When these three upped their levels, Spurs would be a better side, and that’s precisely what happened against Villa.
This was easy to miss because the media coverage had been of a Spurs meltdown.
Spurs went out and won the second half against Arsenal and had enough chances to get back into the game through a penalty not given and good saves from the Arsenal keeper Ramsdale, so the signs of recovery were there.
Which leaves the Villa side of things…
Despite the result, it wasn’t a bad performance, it was untidy. There was an air of impatience about their play, that could naturally follow a win against Manchester United.
The whole Aston Villa side looked to be in a rush to get this game over.

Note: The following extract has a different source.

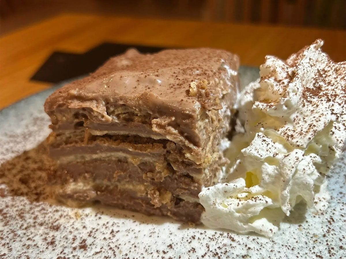 Ook hier staat een huiselijke klassieker centraal: een heerlijke koekjes- en custardcake, laag voor laag opgebouwd met in melk gedoopte koekjes, zachte custard en intense chocolade. Een dessert dat smaakt naar thuis. Hun speciale tip: combineer warme chocolademelk met een scheutje rode wijn voor een verrassende en rijke smaakervaring.

Villa came out frantically, and for the first twenty minutes, Tottenham couldn’t get out of their half. Unfortunately, Villa, couldn’t get the goal and got hit on the break.
A giveaway by McGinn, Son then advanced the ball up the pitch in a flash, Hause held him up, but he passed to Hojbjerg and Konsa turned his back on the shot that went past Martinez.
After working hard to get the equaliser in the second half, it happened to Villa again. Son had too much pace and space for Hause and squared it for either a Targett own goal or a Moura tap in depending on your outlook.
It only took two moments to lose the game.
The warning was there against Manchester United, when Greenwood broke and didn’t square it like Son.
Aston Villa are far from a bad side, but it’s the little things that decide the games against the big teams and the big players.
Had Villa shown a bit more composure, the result would have flipped the other way.
Discounts on Aston Villa Shirts (click below)
The Ugly
There’s no formation that fits every game, and Dean Smith will now need to tinker with it again over the international break.
One criticism levelled at Aston Villa after their great start last season, was that teams had worked them out after Christmas.
This was most evident, away at Brighton and at home to West Ham in early 2021.
Where Villa had dominated the play in previous games without getting results against the pair, the reverse fixtures saw Villa dominated in a 0-0 away at Brighton and 1-3 at home to West Ham, after being tactically nullified.
3-5-2 has now been the starting formation for the last four league games and against Spurs, it didn’t work.
Son was able to strike at the space between Villa’s players, particularly full back and outside centre back, and Spurs didn’t bother trying to play out from the back and through the middle like Manchester United did.
This left the three in midfield pulled apart and unable to act as a unit like they had in the previous game at Old Trafford.
There needed to be a change at half-time, but Dean Smith felt the formation was still strong enough to deal with the game, and he was nearly correct.
However, this is the first indication that teams are already working out the Villa 3-5-2 and any team with a pacy front three, won’t need to be as good as Villa to cause them problems.
Look at the first goal from Lukaku against Villa. Villa caught on the break and the ball into the space between the full-back Cash and Tuanzebe.
3-5-2 will play into Liverpool and Manchester City’s hands especially, so Smith needs to tweak it more proactively moving forward.
Of course, not every team will have forwards the quality of Son, Kane, Moura and Lukaku.
Aston Villa and Dean Smith just need to be more aware that what works brilliantly one week may look a bit uglier the next, and keep changing things up.